- _Task description_
Write out each record below exactly as it appears, with no pictures.

Items from a dataset:
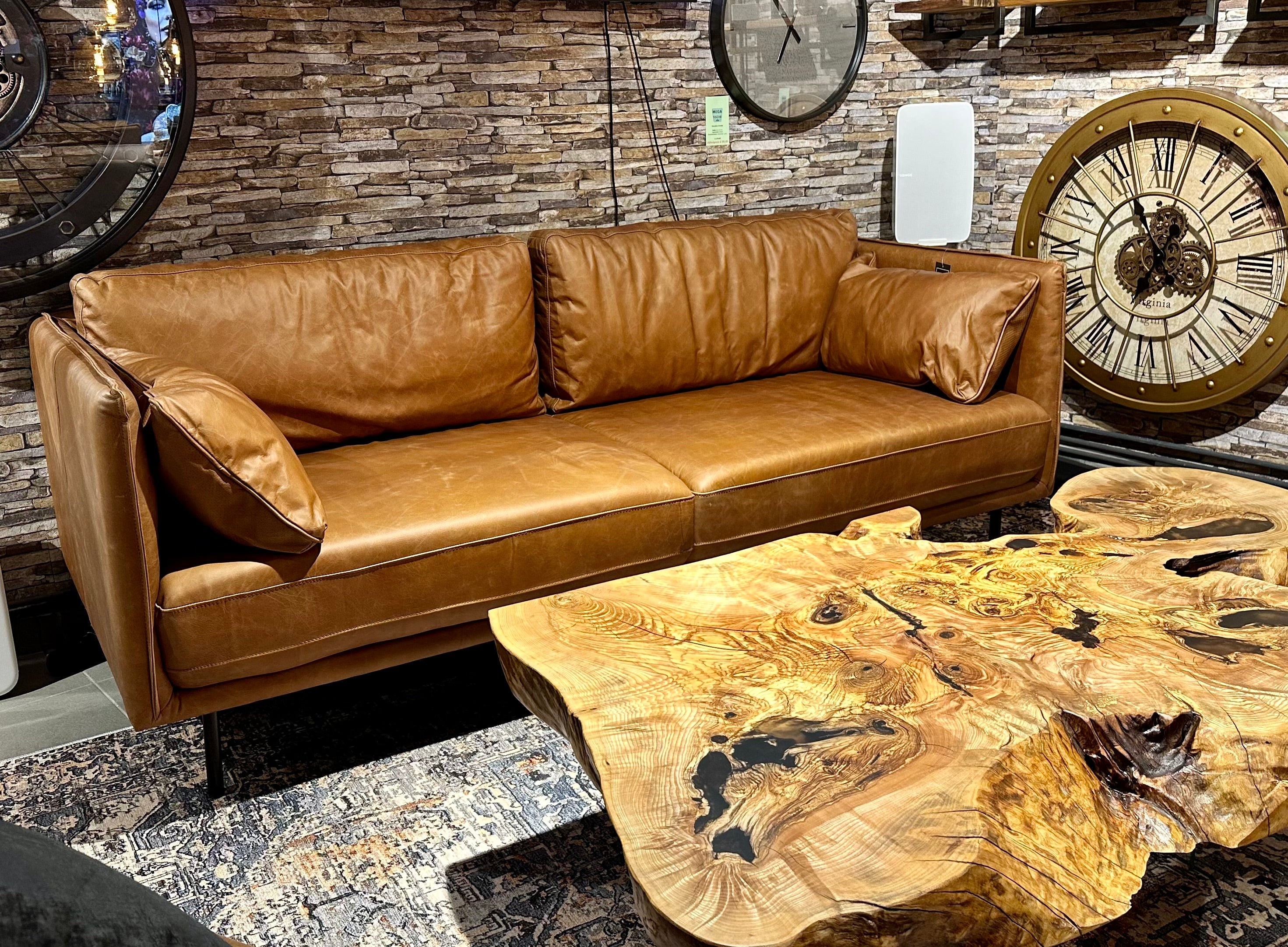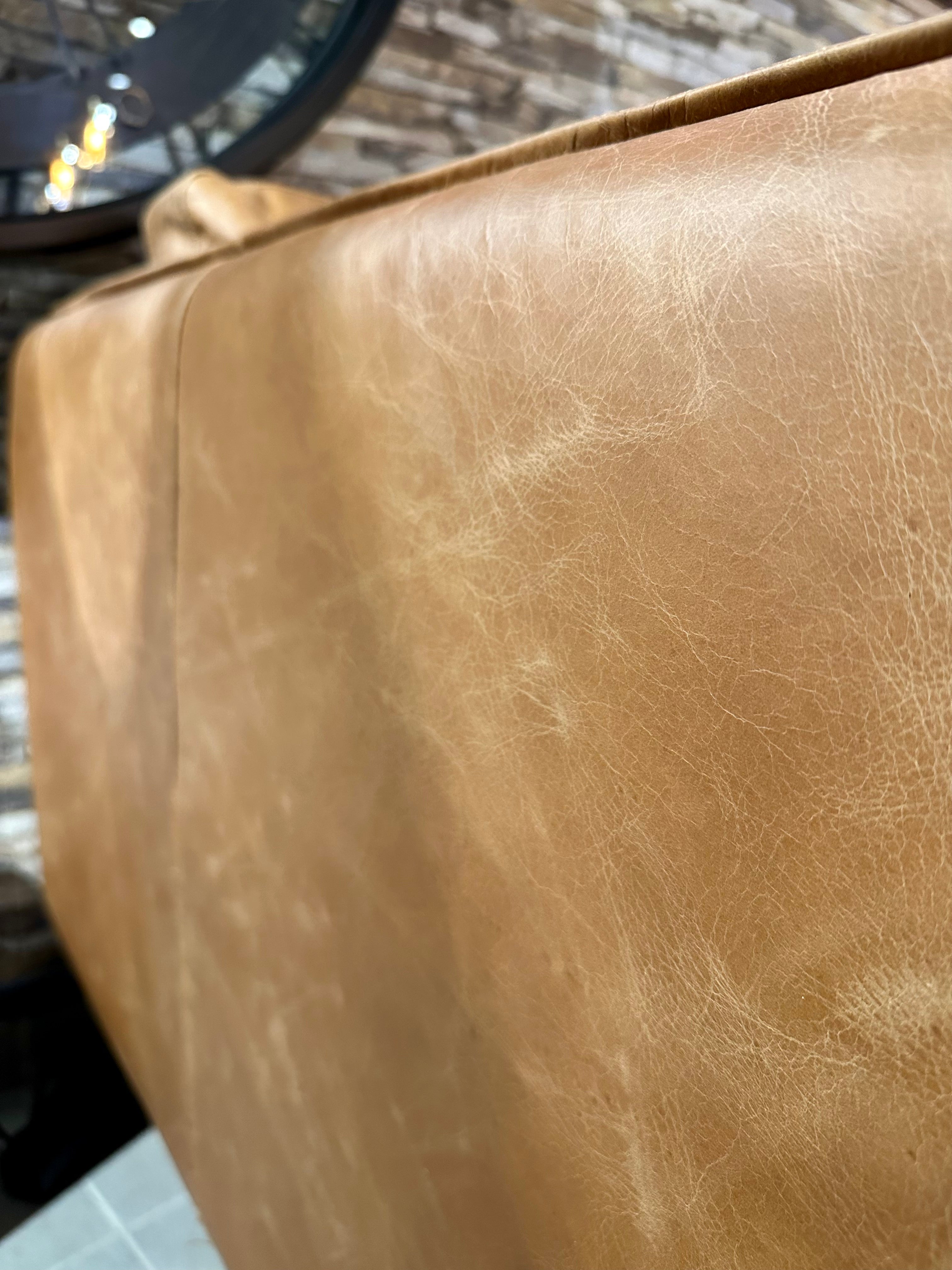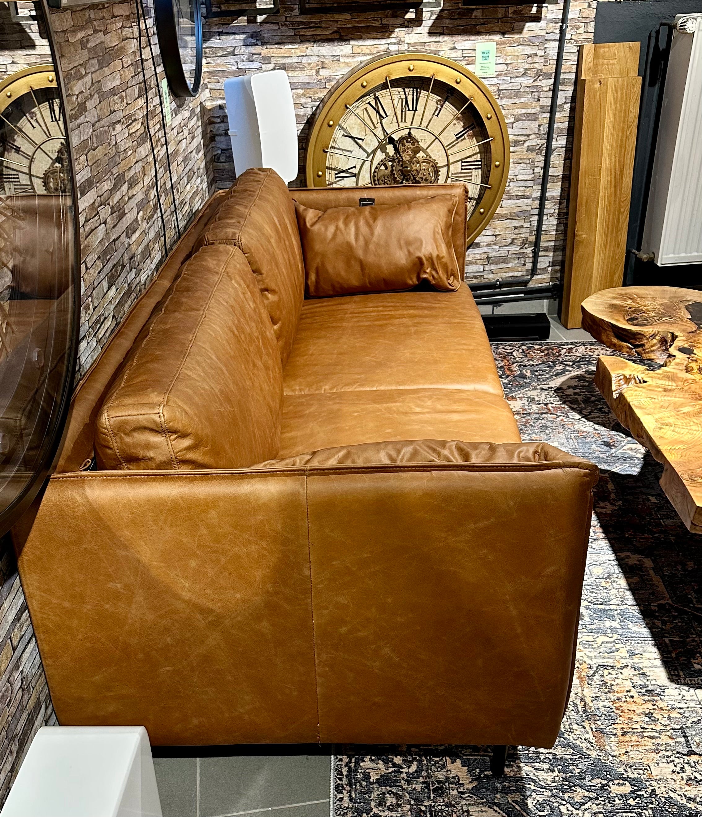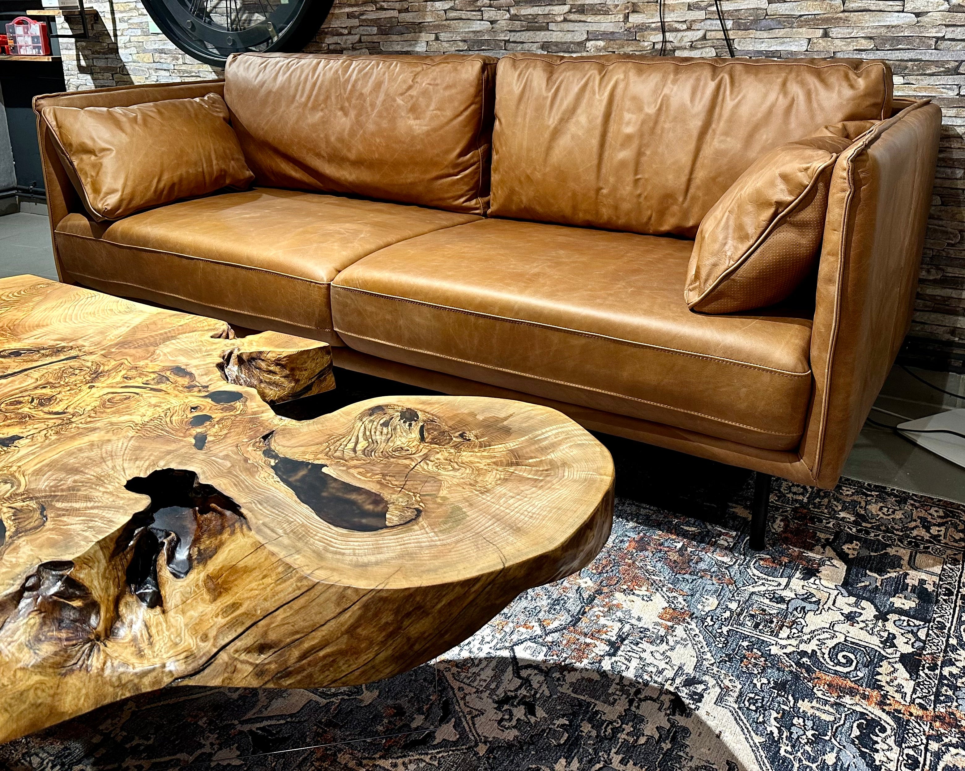 Eine tolle und sehr schöne Echtleder Couch im Vintage Look und aus feinstem Kamelleder in der Farbe Cognac braun.
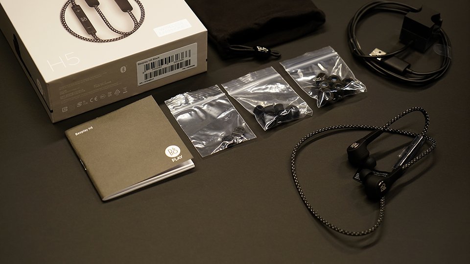 내용물은 이어폰, 설명서, 충전기, 파우치 그리고 케이블 클립과 실리콘 이어 팁, Comply™ Sport 이어 팁.
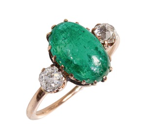 Ring 2.Hälfte 19.Jhd., GG 585/000, farbintensiver Smaragdcabochon ca. 2,9-3,0 ct (ca. 11,3 x 7,45 mm mit Tragespuren), seitlich 2 Altschliff-Diamanten ca. 0,55 ct in einem schönen weiß mit lebhaftem Feuer, RW ca. 52
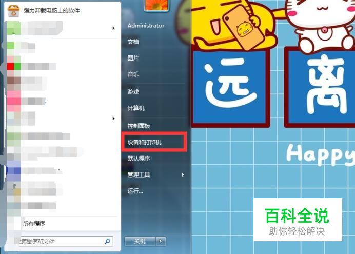 单击电脑“开始”,选择“设备和打印机”。
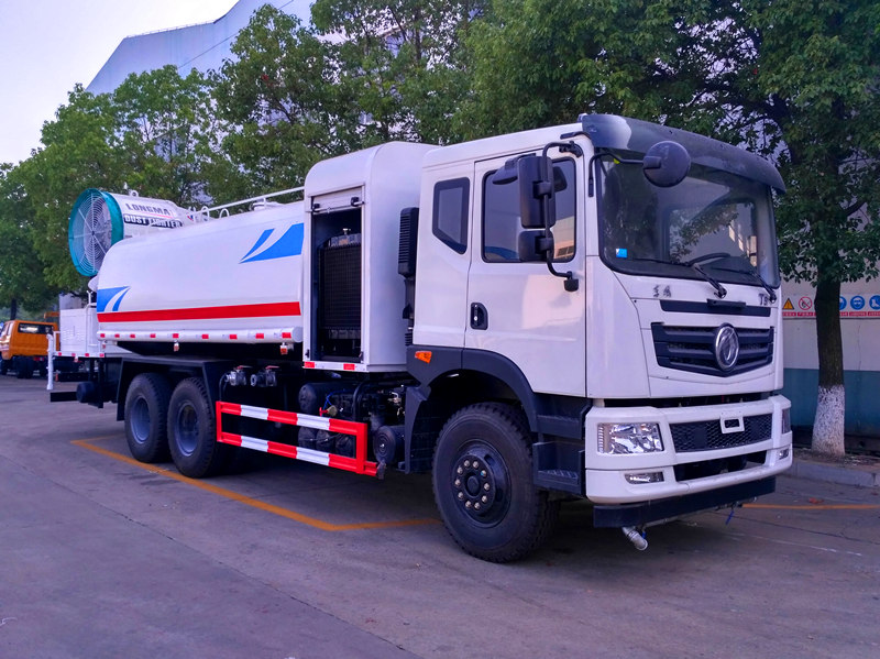 上装配置:罐体有效容积16吨,内部做防腐防锈,配大功率洒水泵。标配:前冲、后洒,侧喷,平台高炮,自流阀和消防接头各1个,具有洒水车的全套标准功能,完美的实现了一车两用的效果。
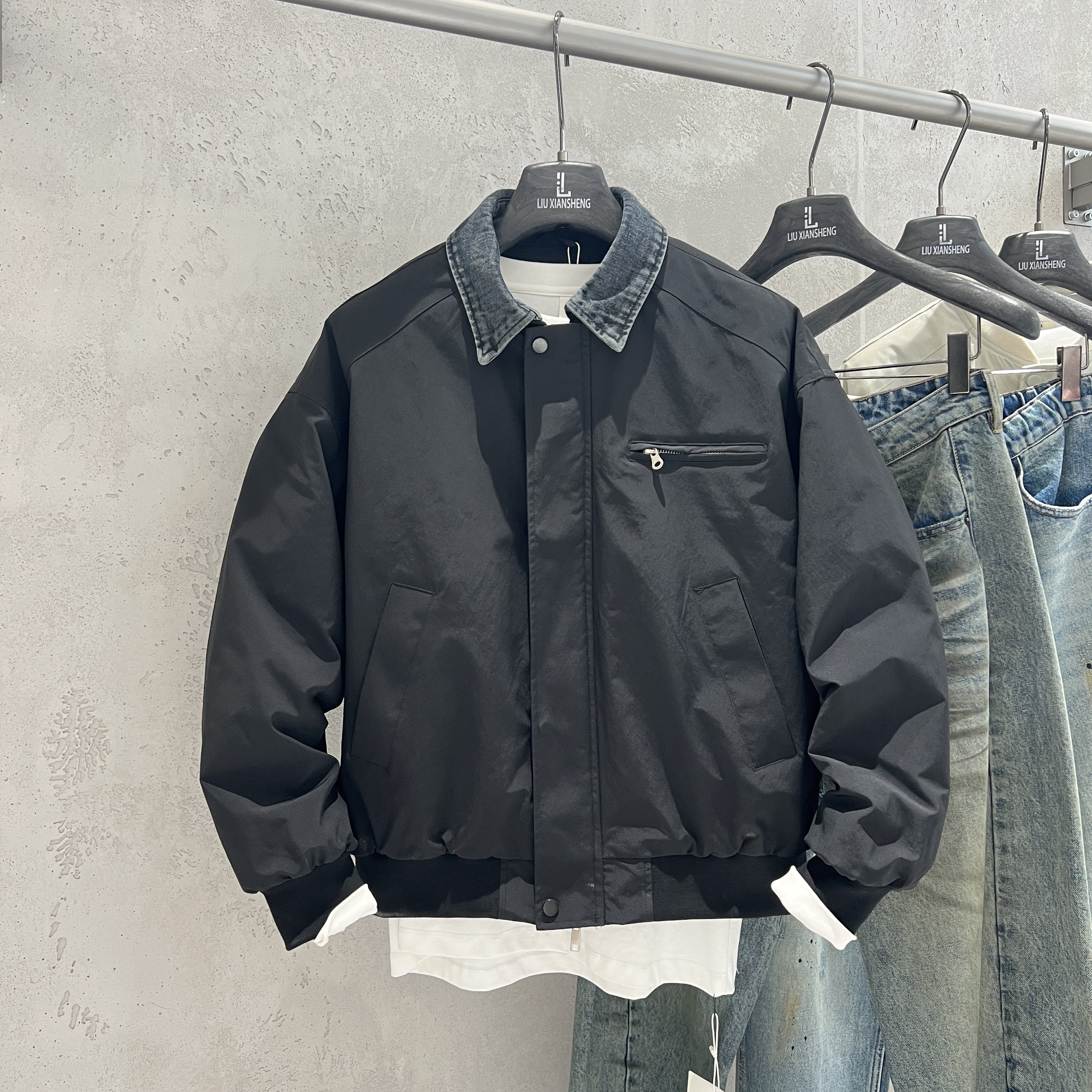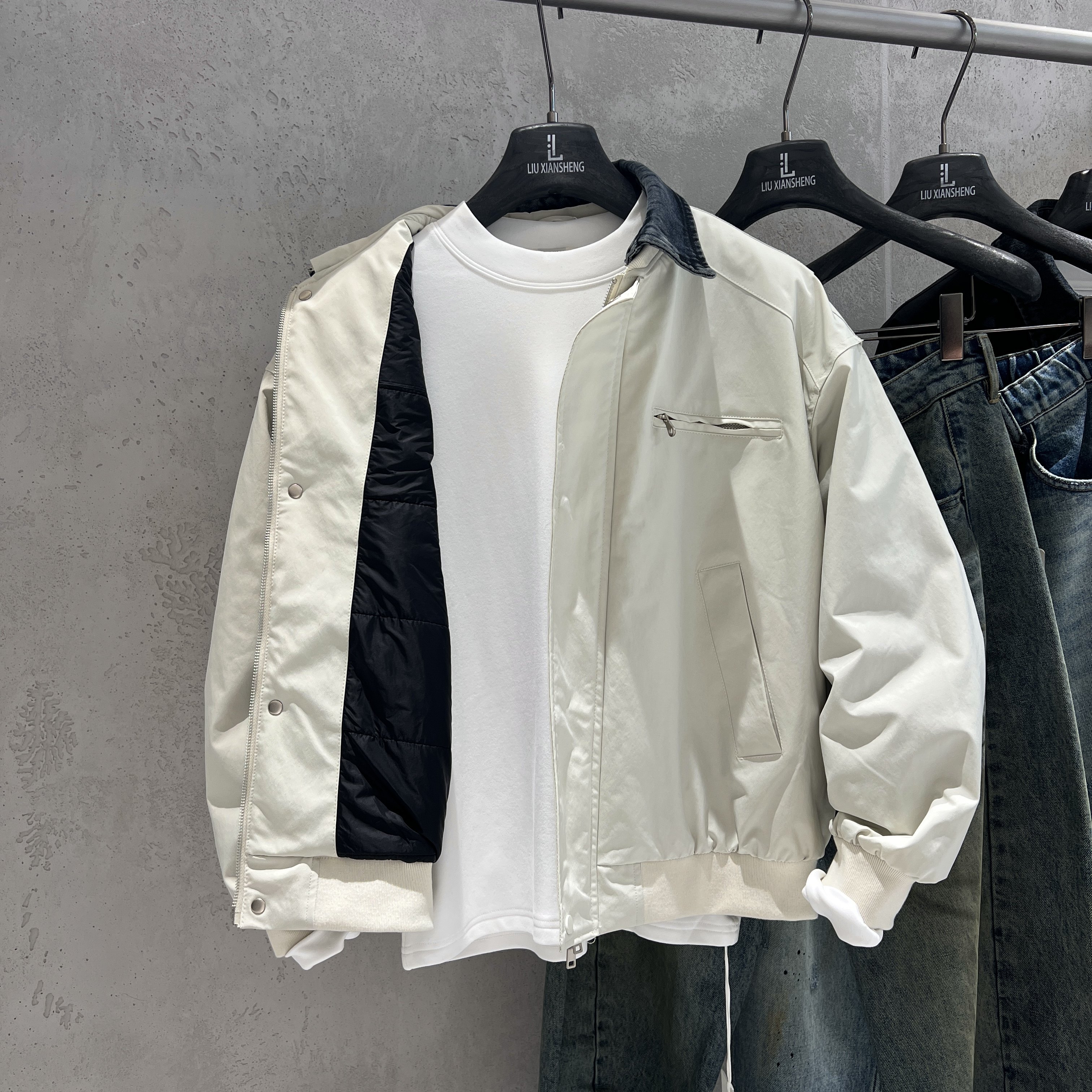 📚 男装2025秋冬季二棉外套拼接可拆卸撞色假两件翻领棉衣休闲夹克潮
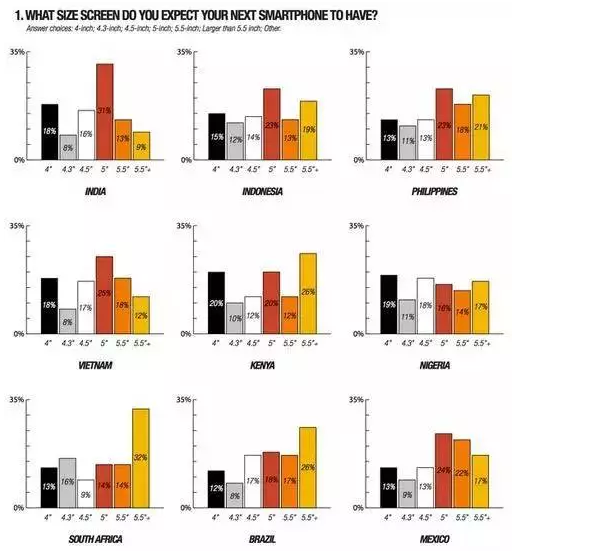 市場調(diào)研機(jī)構(gòu)對于用戶偏愛的手機(jī)尺寸,也進(jìn)行了調(diào)查。調(diào)查國家分別為印度、肯尼亞、南非、巴西、墨西哥等9個(gè)發(fā)展中國家。圖表顯示,其中5個(gè)國家的用戶更偏愛5英寸手機(jī),而南非、巴西、肯尼亞及尼日利亞的用戶,則更喜歡5.5英寸以上機(jī)型。
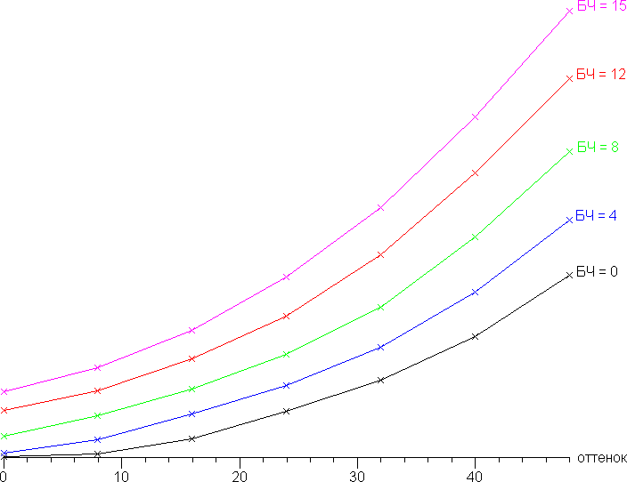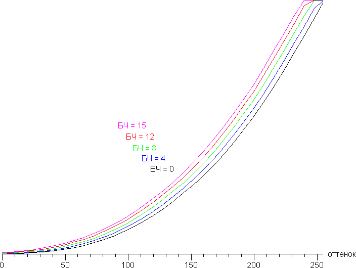 Дополнительной настройкой Баланс черного 2.0 (сократим до БЧ, значения от 0 до 15, по умолчанию 0) можно скорректировать гамма-кривую, улучшая различимость деталей в тенях. Это может быть полезно в играх с темными сценами. Ниже приведены гамма-кривые при нескольких значениях БЧ (построенные по 33 точкам):
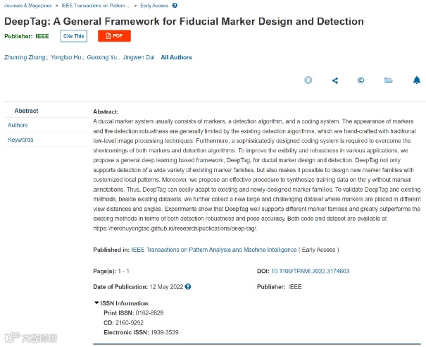 燧光明星研发团队X-Lab (aka. Ximmerse Research Lab) 的题为“DeepTag: A General Framework for Fiducial Marker Design and Detection”的研究成果被国际顶级学术期刊 IEEE Transactions on Pattern Analysis and Machine Intelligence(简称TPAMI)接收为长篇论文。
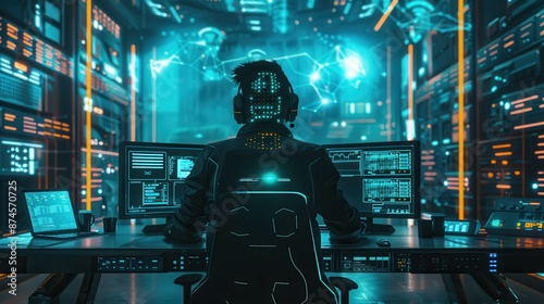 Cybernetic hacker character with neon implants working at a computer in a dark futuristic room

- _Answer for this exercise_
 Eine tolle und sehr schöne Echtleder Couch im Vintage Look und aus feinstem Kamelleder in der Farbe Cognac braun.
 내용물은 이어폰, 설명서, 충전기, 파우치 그리고 케이블 클립과 실리콘 이어 팁, Comply™ Sport 이어 팁.
 Ring 2.Hälfte 19.Jhd., GG 585/000, farbintensiver Smaragdcabochon ca. 2,9-3,0 ct (ca. 11,3 x 7,45 mm mit Tragespuren), seitlich 2 Altschliff-Diamanten ca. 0,55 ct in einem schönen weiß mit lebhaftem Feuer, RW ca. 52
 单击电脑“开始”,选择“设备和打印机”。
 上装配置:罐体有效容积16吨,内部做防腐防锈,配大功率洒水泵。标配:前冲、后洒,侧喷,平台高炮,自流阀和消防接头各1个,具有洒水车的全套标准功能,完美的实现了一车两用的效果。
 📚 男装2025秋冬季二棉外套拼接可拆卸撞色假两件翻领棉衣休闲夹克潮
 市場調(diào)研機(jī)構(gòu)對于用戶偏愛的手機(jī)尺寸,也進(jìn)行了調(diào)查。調(diào)查國家分別為印度、肯尼亞、南非、巴西、墨西哥等9個(gè)發(fā)展中國家。圖表顯示,其中5個(gè)國家的用戶更偏愛5英寸手機(jī),而南非、巴西、肯尼亞及尼日利亞的用戶,則更喜歡5.5英寸以上機(jī)型。
 Дополнительной настройкой Баланс черного 2.0 (сократим до БЧ, значения от 0 до 15, по умолчанию 0) можно скорректировать гамма-кривую, улучшая различимость деталей в тенях. Это может быть полезно в играх с темными сценами. Ниже приведены гамма-кривые при нескольких значениях БЧ (построенные по 33 точкам):
 燧光明星研发团队X-Lab (aka. Ximmerse Research Lab) 的题为“DeepTag: A General Framework for Fiducial Marker Design and Detection”的研究成果被国际顶级学术期刊 IEEE Transactions on Pattern Analysis and Machine Intelligence(简称TPAMI)接收为长篇论文。
 Cybernetic hacker character with neon implants working at a computer in a dark futuristic room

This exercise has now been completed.